By college, Chrissy got engaged to a mutual friend and I was secured for bridesmaid duties three years in advance of the event. When the wedding finally came, she snuck a few dirty jokes in as we waited to proceed into the chapel. Nothing changes. We'll always be eight years old when it comes to her flawless delivery of an over-the-top joke and my endless amusement, miles of white silk and tulle be damned. She's the Laurel, I'm the Hardy. Chrissy gets me like no one else. When I'm convinced this world hates me, and sometimes it does, that is still the girl who I can count on to tell me, "Everyone has their issues and no one's life is perfect, but all people see is the perfect and decide to be jealous and hate." Then she adds, "fuck that bitch". She says what I can't.
Chrissy was married years before me. I managed to fit another life stage between college and marriage, loosely called Functioning Alcoholism and Urban Debauchery.
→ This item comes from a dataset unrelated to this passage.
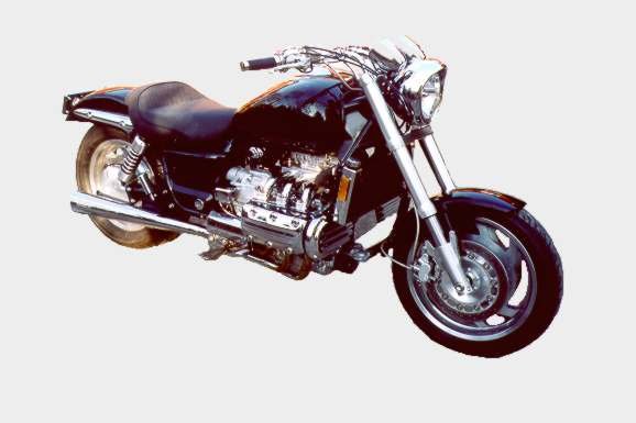 SAFETY: Tires will lose or gain up to 1 pound of pressure per ten degrees of ambient temperature change. The Valkyrie is equipped with aluminum hollow cast wheels which do indeed bleed air pressure, especially when cold. Check your tire pressure often. Under-inflated tires are a detriment to handling and will wear much more quickly. Over-inflated tires cause poor grip and harsh ride. Cold weather causes tires to grip less efficiently and, too, there may be a salt film on the road in winter and early spring. Roads are more slick when it first starts to rain because oil and debris, which were comfortably settled in the recess of the pavement, get floated to the contact surface while there has not yet been enough water to wash it away. This is especially true in regions where long dry periods are followed by spotty rain showers. Watch carefully at highway ramps that lead to major truck stops. Diesel fuel dripped from semi tanks mixed with rain water makes for a slippery cocktail on the road. Of course, there is always that nasty [BLACK ICE] (moisture on cold roads that freezes but the road looks just fine to the eye). Shiny tar, whether in patches or "road snakes" (crack sealant) can cause you grief as well as freshly sealed parking lots if hot or wet. Do we need to mention? "Road gators" (blown semi recaps), hunks of plywood (talk about slippery!), reflective road markings, manhole covers, grocery bags (paper or plastic?)... all affect traction.

Eventually I met a decent guy (Hi, Niko!) and started wedding planning myself.
So why didn't I ask Chrissy to stand up in my wedding?
I've thought about this and regretted it since my wedding day. I don't know why. At the time when I was planning, I didn't want to ask anyone out of state because I didn't want them to feel obligated. I didn't want Chrissy to be burdened by me. I didn't want to put her out or cost her money. It was a little like a bro code my brother-in-law has with his four best friends: no birthday gifts and they always hire movers. I didn't want to be needy. I didn't want to be heavy. Not that Chrissy would disappoint me, but what if she did have other obligations? How would I recover from that? I just didn't want to set it up like I expected some big thing. I was chill. No prob. No worries.
Yet every time I walk past my wedding picture in the hallway, I wish that bony bitch was in there.
I love you, Chrissy.
UPDATE - This just in from Chrissy on my Facebook page:
"We were some kind of awesome, still are. This post made me smile until my face hurt. Let the public record show that I was never in the least bit offended you didn't ask me to be in your wedding. You found an amazing husband and I was more than happy to be a guest. Great, now "Be Our Guest" is stuck in my head. I love all the different directions our friendship has taken us and I wouldn't change a thing!"